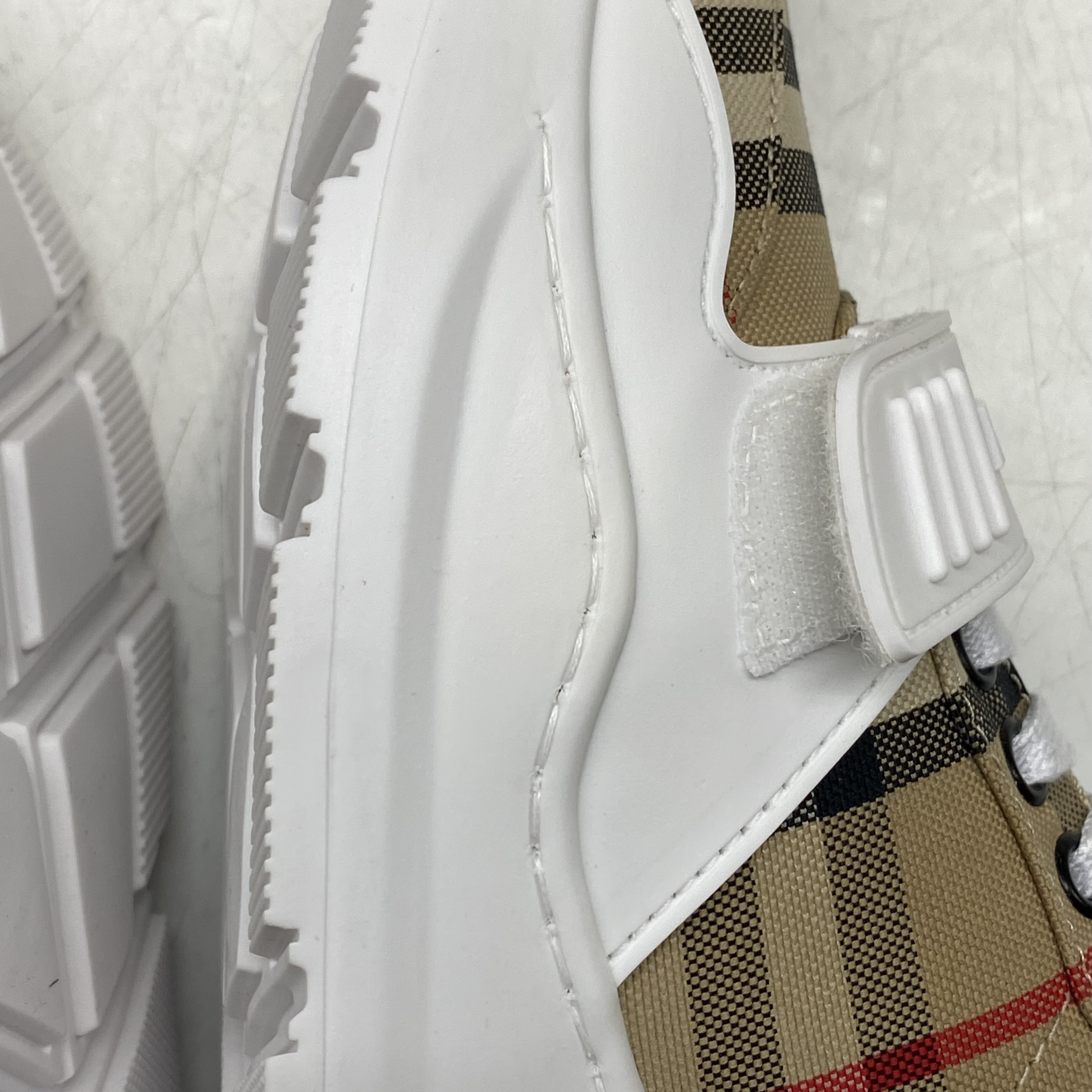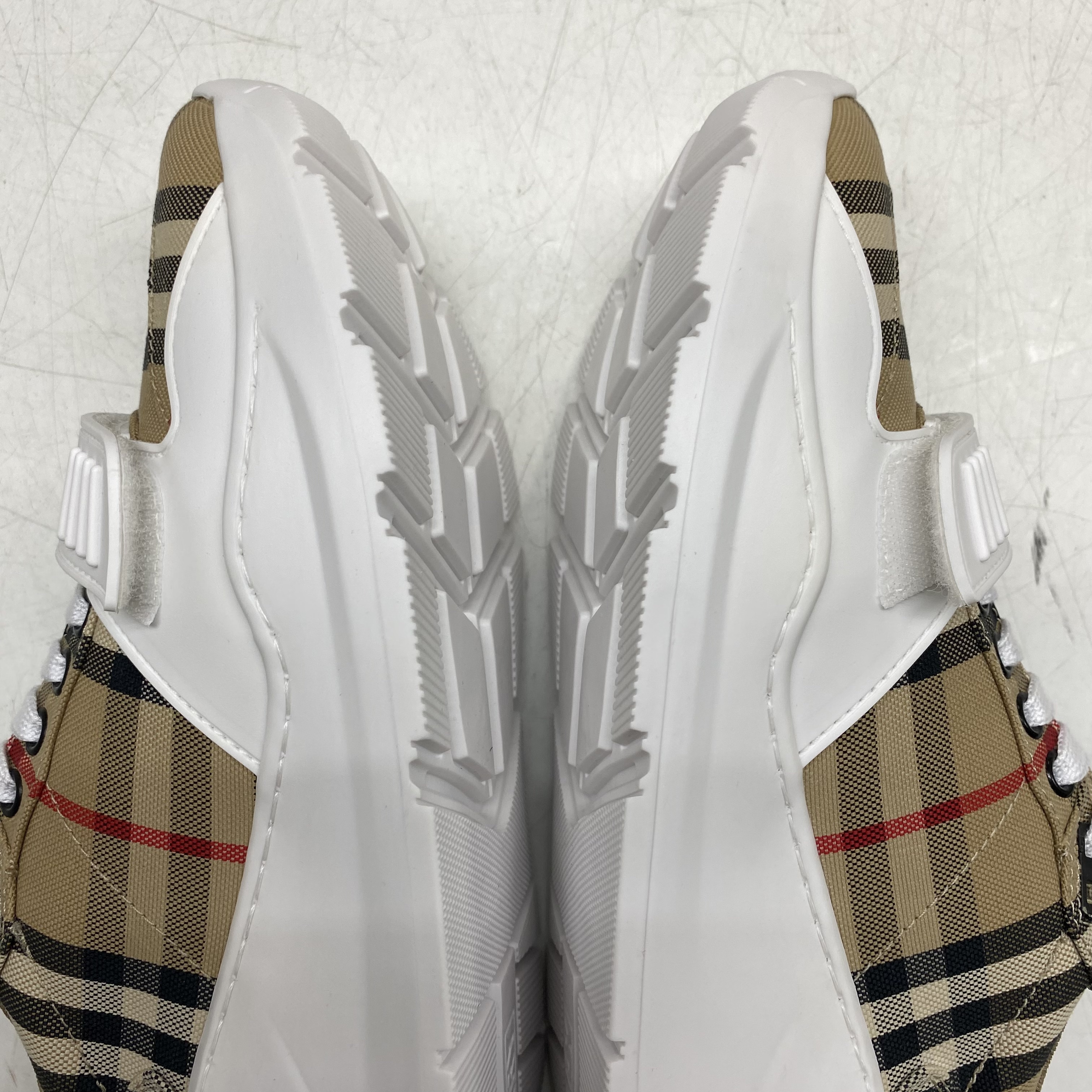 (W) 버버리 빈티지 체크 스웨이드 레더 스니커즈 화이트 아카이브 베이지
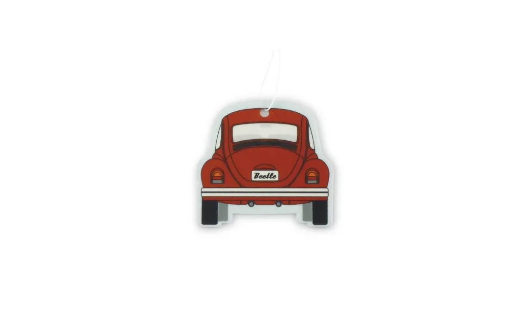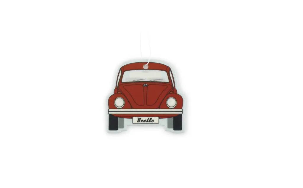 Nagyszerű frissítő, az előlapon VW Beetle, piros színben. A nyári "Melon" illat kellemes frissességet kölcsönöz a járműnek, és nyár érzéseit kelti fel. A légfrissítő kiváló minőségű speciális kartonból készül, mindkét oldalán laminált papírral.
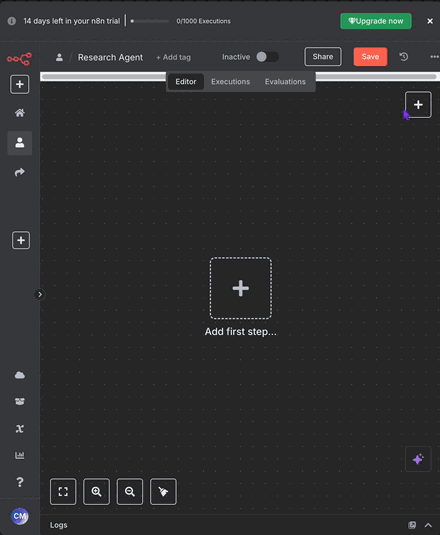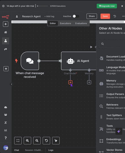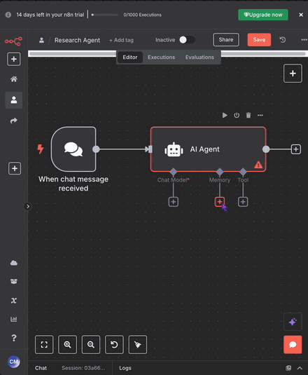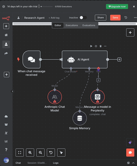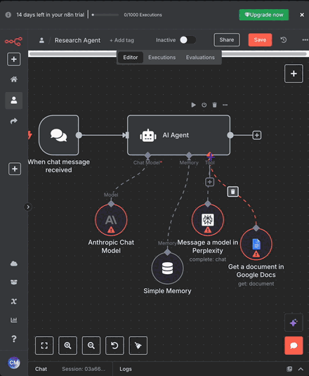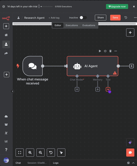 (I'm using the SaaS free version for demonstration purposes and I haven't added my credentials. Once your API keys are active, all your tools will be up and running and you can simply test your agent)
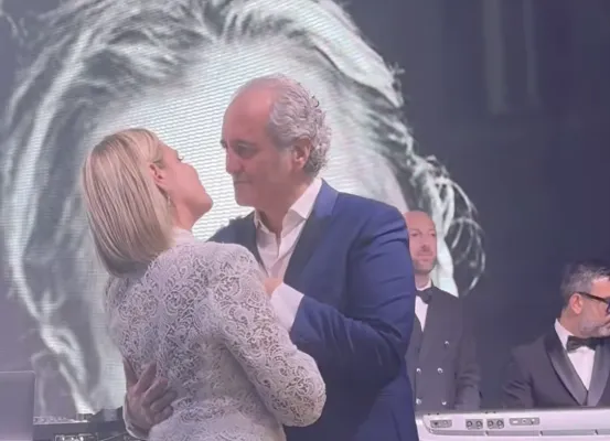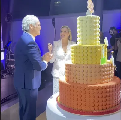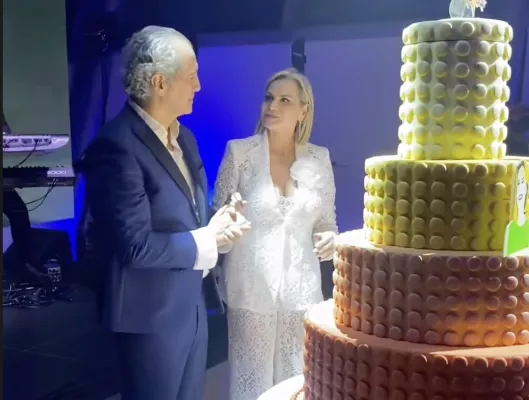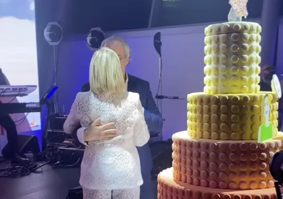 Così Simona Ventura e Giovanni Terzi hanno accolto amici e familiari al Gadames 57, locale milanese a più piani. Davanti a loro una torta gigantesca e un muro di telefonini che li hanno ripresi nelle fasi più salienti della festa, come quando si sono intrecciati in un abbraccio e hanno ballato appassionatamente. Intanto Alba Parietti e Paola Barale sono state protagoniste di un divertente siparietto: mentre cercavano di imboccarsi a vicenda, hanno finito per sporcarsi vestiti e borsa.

----

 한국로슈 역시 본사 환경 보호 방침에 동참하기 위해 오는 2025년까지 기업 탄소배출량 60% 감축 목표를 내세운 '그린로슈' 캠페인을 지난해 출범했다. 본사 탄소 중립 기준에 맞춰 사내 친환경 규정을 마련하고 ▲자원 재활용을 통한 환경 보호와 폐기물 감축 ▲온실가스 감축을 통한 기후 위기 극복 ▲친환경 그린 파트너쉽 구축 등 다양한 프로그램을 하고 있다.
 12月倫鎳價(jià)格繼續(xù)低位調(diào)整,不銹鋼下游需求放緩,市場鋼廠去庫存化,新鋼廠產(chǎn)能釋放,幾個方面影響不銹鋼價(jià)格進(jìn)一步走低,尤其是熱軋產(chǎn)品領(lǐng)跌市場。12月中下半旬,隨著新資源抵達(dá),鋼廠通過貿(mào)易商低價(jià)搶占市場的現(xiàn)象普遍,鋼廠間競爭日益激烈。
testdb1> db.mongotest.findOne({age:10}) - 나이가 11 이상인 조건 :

----

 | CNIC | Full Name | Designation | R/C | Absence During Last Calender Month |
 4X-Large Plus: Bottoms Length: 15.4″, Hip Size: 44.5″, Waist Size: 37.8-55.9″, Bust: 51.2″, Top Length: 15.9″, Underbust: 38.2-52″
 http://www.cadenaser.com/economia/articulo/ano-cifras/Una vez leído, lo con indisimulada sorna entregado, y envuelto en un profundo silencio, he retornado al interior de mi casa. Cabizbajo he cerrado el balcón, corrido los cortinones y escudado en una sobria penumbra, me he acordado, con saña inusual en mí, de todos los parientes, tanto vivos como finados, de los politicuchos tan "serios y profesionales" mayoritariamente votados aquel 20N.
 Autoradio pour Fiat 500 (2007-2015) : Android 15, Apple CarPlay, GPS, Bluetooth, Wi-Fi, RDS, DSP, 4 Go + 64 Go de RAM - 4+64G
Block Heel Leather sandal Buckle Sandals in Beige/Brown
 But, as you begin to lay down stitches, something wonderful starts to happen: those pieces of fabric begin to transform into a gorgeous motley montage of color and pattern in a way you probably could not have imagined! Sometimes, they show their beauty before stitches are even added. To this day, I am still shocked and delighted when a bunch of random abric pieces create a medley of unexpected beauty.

----

Your reply should consist solely of the lines above from the line containing "(W) 버버리 빈티지 체크 스웨이드 레더 스니커즈 화이트 아카이브 베이지" up to and including the line containing "Così Simona Ventura", reproduced exactly, minus the pictures.

 (W) 버버리 빈티지 체크 스웨이드 레더 스니커즈 화이트 아카이브 베이지
 Nagyszerű frissítő, az előlapon VW Beetle, piros színben. A nyári "Melon" illat kellemes frissességet kölcsönöz a járműnek, és nyár érzéseit kelti fel. A légfrissítő kiváló minőségű speciális kartonból készül, mindkét oldalán laminált papírral.
 (I'm using the SaaS free version for demonstration purposes and I haven't added my credentials. Once your API keys are active, all your tools will be up and running and you can simply test your agent)
 Così Simona Ventura e Giovanni Terzi hanno accolto amici e familiari al Gadames 57, locale milanese a più piani. Davanti a loro una torta gigantesca e un muro di telefonini che li hanno ripresi nelle fasi più salienti della festa, come quando si sono intrecciati in un abbraccio e hanno ballato appassionatamente. Intanto Alba Parietti e Paola Barale sono state protagoniste di un divertente siparietto: mentre cercavano di imboccarsi a vicenda, hanno finito per sporcarsi vestiti e borsa.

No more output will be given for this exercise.